Financial Modeling

July 9, 2024

Here, I provide two tools operating at the confluence of statistics and finance. The first is a forecasting tool that uses the Prophet Model to fit and predict the daily adjusted closing price of a specified asset. You can look up ticker symbols here. The data we will be using is provided by Yahoo Finance and the Federal Reserve Bank. The Prophet Model is known for its accuracy and flexibility. However, the volatility of closing prices varies depending on the asset itself, so the responsible user will invoke their personal judgment and use this merely as a tool to complement (or contradict) their personal claims.

As shown below, you can input the ticker symbol, forecasting period, and time unit. Note, the forecasting period will depend on the asset's maturity. I limit the start date to 5 years prior in order to help mitigate computational cost and enhance predictive accuracy. Although you may ask the model to forecast far into the future, I recommend looking at more immediate forecasts using small time intervals such as days and months. You will notice, the farther into the future the model predicts, the wider the uncertainty interval is, indicating less reliable predictions.
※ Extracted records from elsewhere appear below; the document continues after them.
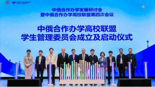 5月13日上午,中俄合作办学高校联盟学生管理工作委员会成立启动仪式。副校长王菊霞作为联盟常务理事会成员代表登台点亮启动装置,见证“中俄合作办学高校联盟学生管理工作委员会”正式成立。
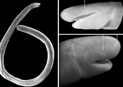 最近,研究人員在圭亞那發現了一種長相怪異的蠕蟲,該物種被認為是迄今為止所發現的第二種肺蚓螈。這種無肺蚓螈是兩棲生物的一種,看起來很像巨型蠕蟲或是蛇類,被命名為“Caecilita iwokramae”。它們沒有鼻孔,沒有肺,也沒有腿,主要依靠皮膚呼吸氧氣。這種無肺蚓螈與第一種無肺蚓螈存在很大差異,它們最長可以長到27.5英寸(約合69.9厘米),主要生活于水中,而第一種無肺蚓螈體形則比較小,大約只有4.4英寸(約合11.2厘米)長,主要生活于陸地之上。第一種無肺蚓螈發現于1995年。此外,研究人員還于2008年發現了一種微型無肺青蛙。據研究人員介紹,這種無肺的特征通常出現于一些小型動物身上。這些小型動物身上的皮膚區域會隨著體重的增加而增加,這樣它們就更容易呼吸氧氣。
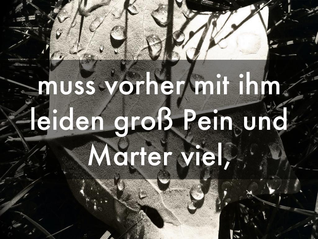 muss vorher mit ihm leiden groß Pein und Marter viel,
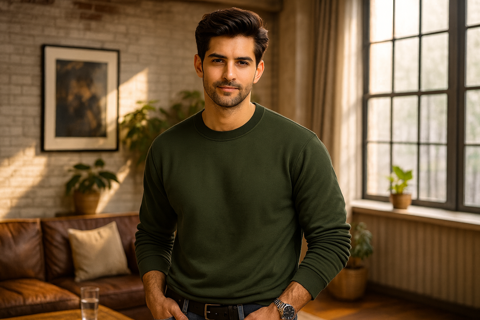 Sweatshirt, 320gsm, Cotton Brushed Loopknit, 88% cotton, 12% polyester, Army Green color
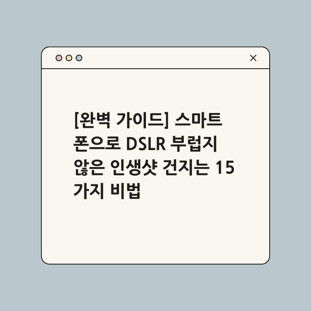 스마트폰 카메라의 성능이 아무리 좋아져도, 결국 가장 중요한 것은 사진을 찍는 사람의 눈과 감각입니다. 이 팁들을 기억하고 꾸준히 연습한다면, 여러분도 곧 스마트폰으로 프로급 사진을 찍을 수 있을 것입니다.
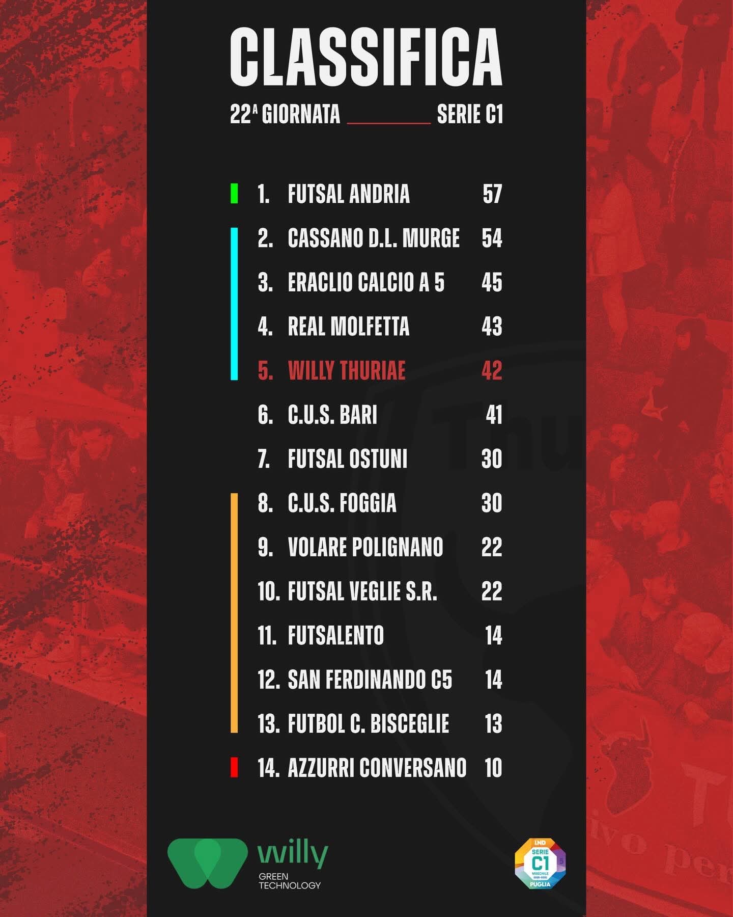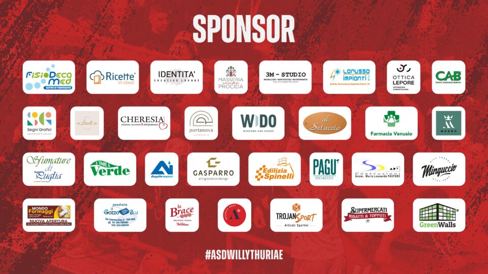 Benvenuti sul sito ufficiale dell’ASD Willy Thuriae, storica realtà del calcio a cinque turese. Qui potrete trovare info, notizie e risultati di tutte le compagini rosso-granata, da quelli della Prima Squadra, iscritta al campionato di serie C1 2025/2026, a quelli di tutto il settore giovanile.
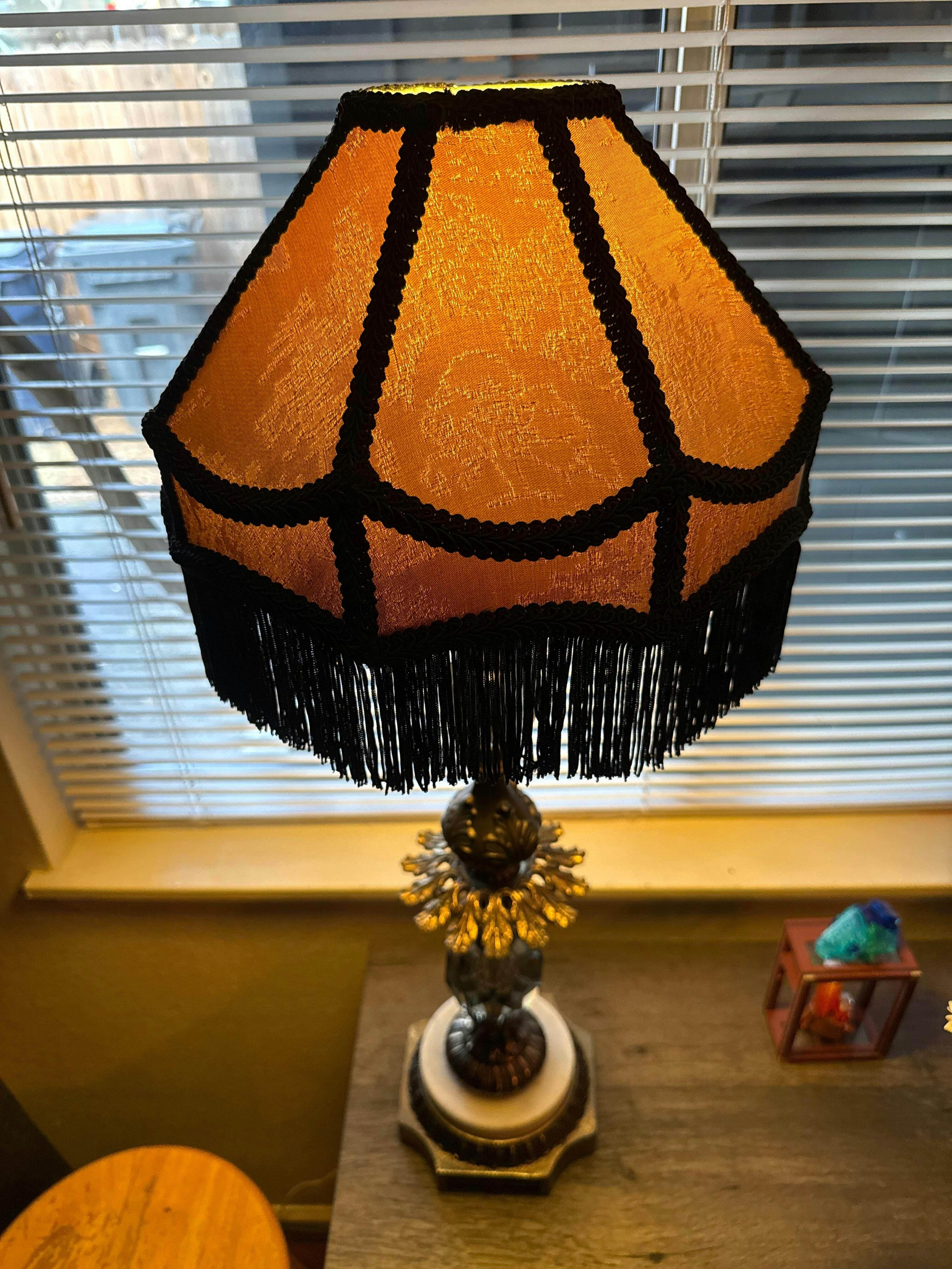 The Orla Baroque Lampshade. The lampshade can be used to adorn table lamps or ceiling lights. Perfect for adorning The Blackened Teeth table lamps, or your own table lamps. This lampshade can also be used as a ceiling lampshade (ensure you have a drop pendant from the ceiling to achieve these)
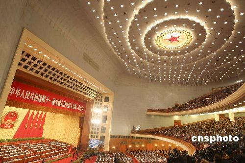 3月5日,十一屆全國人大二次會議在北京人民大會堂開幕。中新社發 盛佳鵬 攝
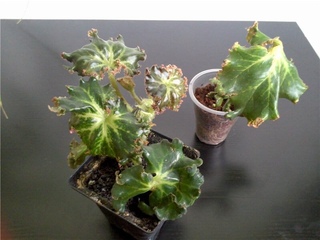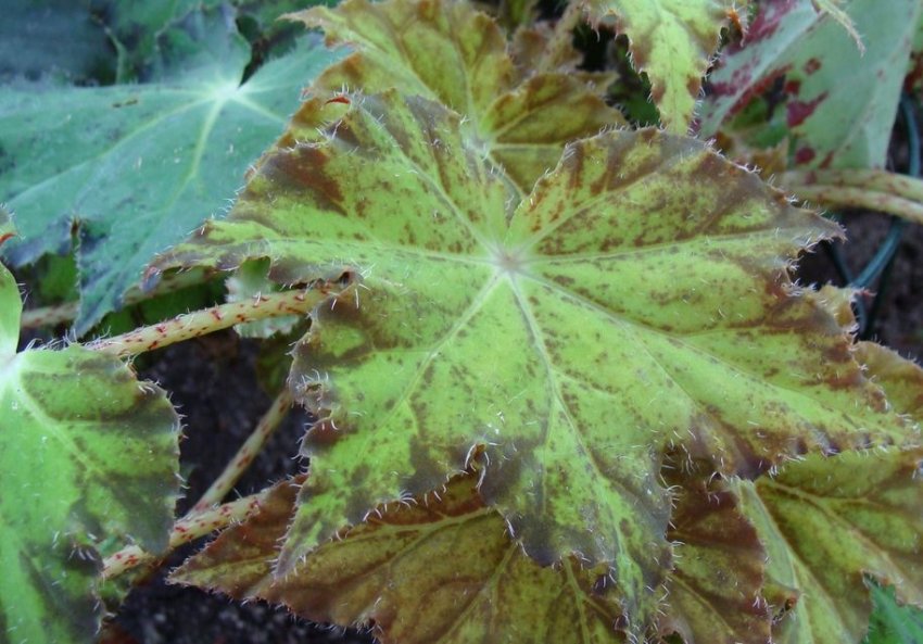 - Листовая нематода – это белые крошечные черви, атакующие листья и стебли бегонии. Сигнал бедствия – желтые пятна на листьях, которые буреют со временем, и деформированные верхушки побегов. При сильном поражении растение придется уничтожить.
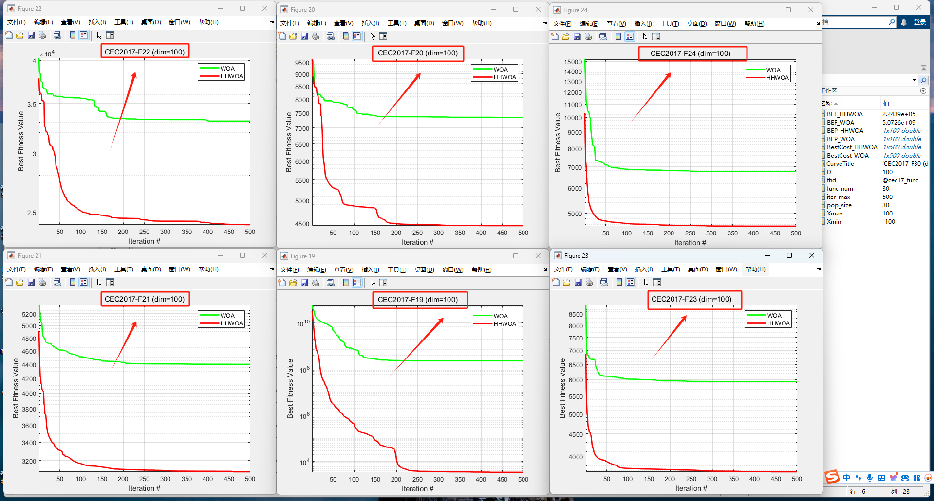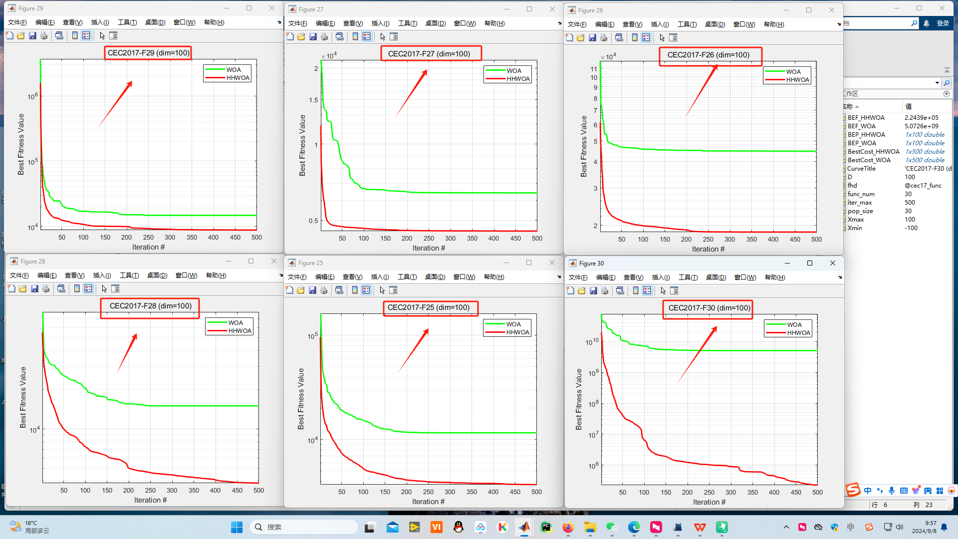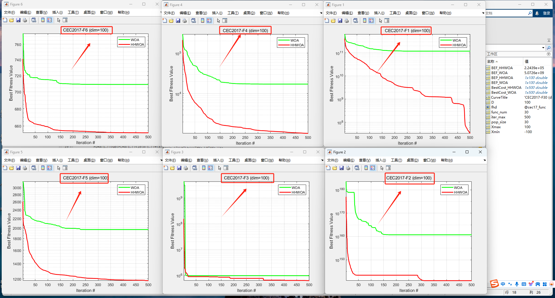 多策略改进鲸鱼优化算法(HHWOA)与鲸鱼优化算法(WOA)在CEC2017测试集函数F1-F30的寻优对比研究

The second tool is one for portfolio optimization and valuation. This tool computes the efficiency frontier of a portfolio using 1,000 simulations and notes the optimal portfolio based on the Sharpe Ratio. Once the optimal portfolio is identified, relevant performance metrics are displayed, such as expected return, volatility, and asset weights. Moreover, the Security Market Line is fit and beta coefficients are plotted to portray the valuation of each asset as well as the overall portfolio. Note, the market return is based on the S&P 500 Index (^GSPC).